Crash has been published in many countries, and was widely reissued after the 1996 David Cronenberg film. It was a moderate success in Britain, but Jonathan Cape showed none of the flair of their French counterparts, Calman-Levy in Paris. The French edition was a huge success, and remains my best-known book in France. The French critics accepted without qualms the novel’s yoking together of sex, death and the motor car. Anyone who drives in France is steering into the pages of Crash.

An important factor in the French success of Crash was the long tradition of subversive works in France, going back at least as far as the pornographic novels of de Sade and extending more recently from the symbolist poets to the anti-clerical fantasies of the surrealists and the novels of Céline and Genet. No such tradition has ever existed in England, and it is impossible to imagine Story of O being published here in the 1950s. The United States, now fast becoming a theocratic state run by right-wing political fanatics and religious moralisers, has posed similar problems to its more challenging writers. Nabokov’s Lolita, Henry Miller’s Tropic novels, and William Burroughs’ Naked Lunch were all first published in Paris by the Olympia Press, a small publishing house that specialised in literary porn.

Crash created little stir when it first appeared in Britain, but twenty-five years later, after a period when the country was supposed to have liberalised itself, a preposterous storm in the largest teacup that Fleet Street could find showed just how repressed and silly as a nation we could be.

David Cronenberg’s film of Crash was premiered at the Cannes Film Festival in 1996. It was the most controversial film of the festival, and the controversy continued for years afterwards, especially in England. Desperate Conservative politicians, facing defeat at the imminent general election, attacked the film in an attempt to gain moral credit as the guardians of public decency. One cabinet minister, Virginia Bottomley, called for the film (which she had not seen) to be banned.

The Cannes festival is an extraordinary media event, in many ways deeply intimidating to a mere novelist.

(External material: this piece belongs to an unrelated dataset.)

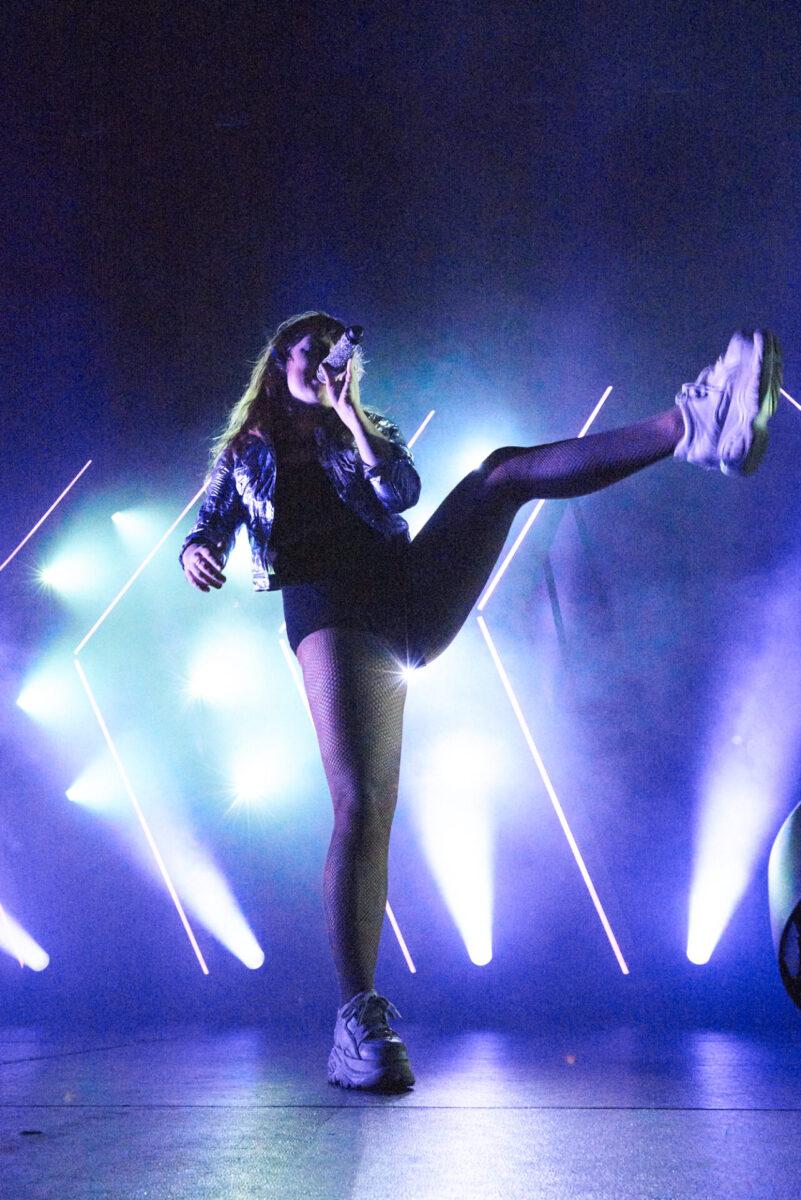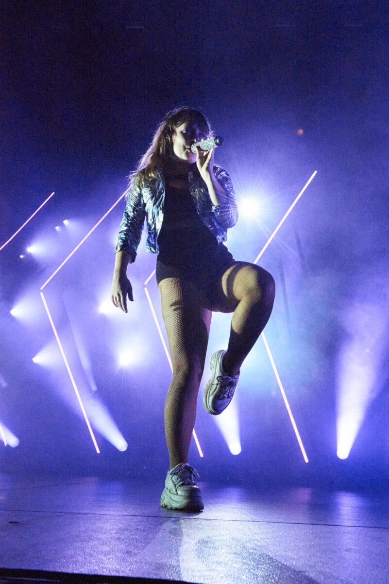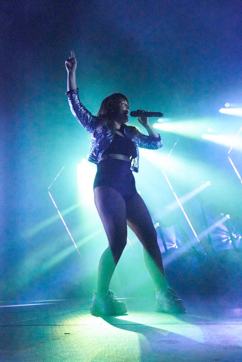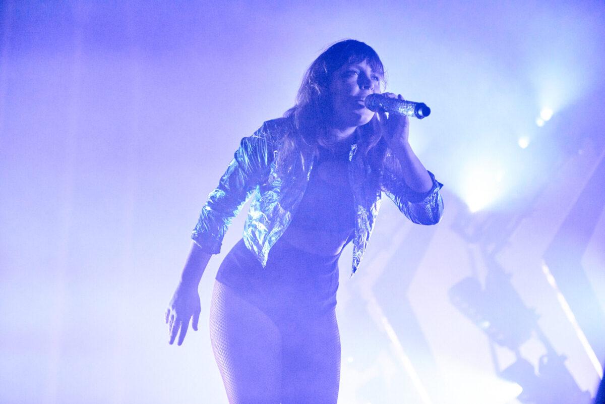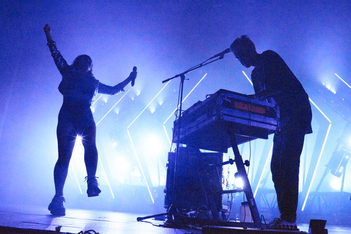 Though Durham electronic rock act Sylvan Esso keeps things straightforward personnel-wise — Nick Sanborn on samplers and electronic gadgets pumping out rhythms and textures, Amelia Meath on vocals and air kicks and pure energy — the duo is more than enough to fill spaces this big. Opening on the meditative pulse of “Sound,” the band warmed it up gradually song by song, jogging and jumping on “Signal” from last year’s What Now, hitting a full sprint on the effervescent “Kick Jump Twist.”

Books may still be read in vast numbers, but films are dreamed. Claire and I were stunned by the screaming crowds, the lavish parties and stretch limos. I took part in all the publicity interviews, and was deeply impressed to see how committed the stars of the film were to Cronenberg’s elegant adaptation of my novel.

I was sitting next to Holly Hunter when we were joined by a leading American film critic. His first question was: ‘Holly, what are you doing in this shit?’ Holly sprang into life, and delivered a passionate defence of the film, castigating him for his small-mindedness and provincialism. It was the greatest performance of the festival, which I cheered vigorously.